Sub Class Fourth level of hierarchical classification. Metabolite with the same class are considered structurally similar.
Substituents Fifth level of hierarchical classification. Metabolite functional groups and substructures.
Direct Parent A direct parent in the taxonomy is the most descriptive chemical class a chemical entity can be attributed to. It is generated by taking into account the largest substructure (which characterizes a given chemical class) of the biomolecule and the most descriptive attributes.
Synonyms Alternate names of the metabolite
Chemical IUPAC Name IUPAC or standard chemical name for the metabolite
Traditional IUPAC Name Traditional IUPAC or standard chemical name for the metabolite
Chemical Formula Chemical formula describing atomic or elemental composition
Formal Charge Molecular formal charge
Average Molecular Weight Molecular weight in g/mol, determined from molecular formula or sequence
Monoisotopic Molecular Weight The sum of the masses of the atoms in a molecule using the unbound, ground-state, rest mass of the principle (most abundant) isotope for each element instead of the isotopic average mass.
Structure The 2D chemical structure including links to download and view the structure in various formats.
SMILES Isomeric SMILES string corresponding to metabolite structure
InChI Standard InChI identifier
InChI Key Standard InChI key
CAS Registry Number Chemical Abstract Service identification number
KEGG Compound ID Kyoto Encyclopedia of Genes and Genomes compound identification number (if molecule is in KEGG)
PubChem Compound ID NCBI's PubChem database compound identification number
ChemSpider ID ChemSpider identification number
ChEBI ID EBI's Chemicals of Biological Interest identification number (if metabolite is in ChEBI)
Wikipedia Link Link to Wikipedia entry for the given metabolite (if it exists)

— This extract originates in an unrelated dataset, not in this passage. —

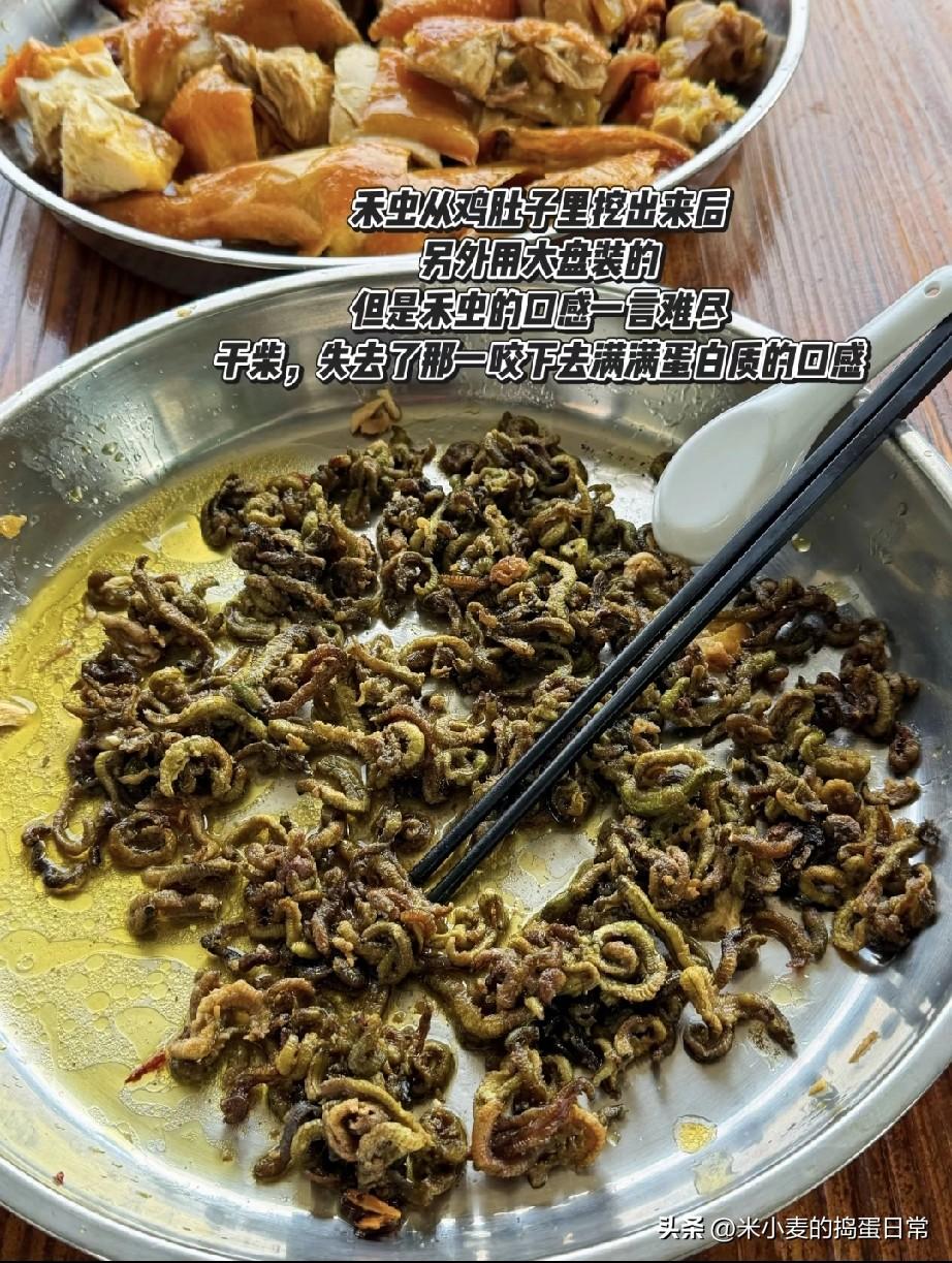 禾虫烧鸡,260元一只还得抢,值吗? 在顺德找吃的真的要靠缘分!今天挖到一家藏在园艺场里的无名烧鸡店,导航到菜地鱼塘边才找着,店里就4张台,想吃必须提前预定,来晚一步直接扑空。 狠心点了招牌禾虫烧鸡,260块一只其实是160的烧骟鸡加100一斤的禾虫。刚端上桌时被惊艳到,鸡皮烤得油亮焦脆,撕开后金黄的禾虫从鸡肚滚出来,看着怪猎奇的。咬一口鸡肉嫩到爆汁,可禾虫却干柴得很,完全没了鲜美的口感,跟想象中差太远。 同行的朋友说这是顺德特色,吃的就是这份地道;可我总觉得花260块,吃的更多是“稀缺感”而非味道。 你们觉得,这种藏在犄角旮旯的网红小众美食,花高价尝鲜到底是值当的体验,还是交了智商税?

Phenol Explorer ID Phenol Explorer identification number
DrugBank ID DrugBank identification number
KNApSAcK ID DrugBank identification number
OMIM ID OMIM identification number
Metagene ID Metagene identification number
State Physical state (solid, liquid, gas)
Melting Point Melting point (if solid) or boiling point (if liquid) in degrees Celsius
Experimental Water Solubility Water solubility in mg/mL or g/L
Predicted Water Solubility Predicted water solubility in mg/mL
Experimental LogP/Hydrophobicity Water/octanol partition coefficient (if small molecule) or hydrophobicity score (Gravy score) if protein/peptide
Predicted LogP/Hydrophobicity Predicted water/octanol partition coefficient
Predicted LogS Predicted LogS (water solubility)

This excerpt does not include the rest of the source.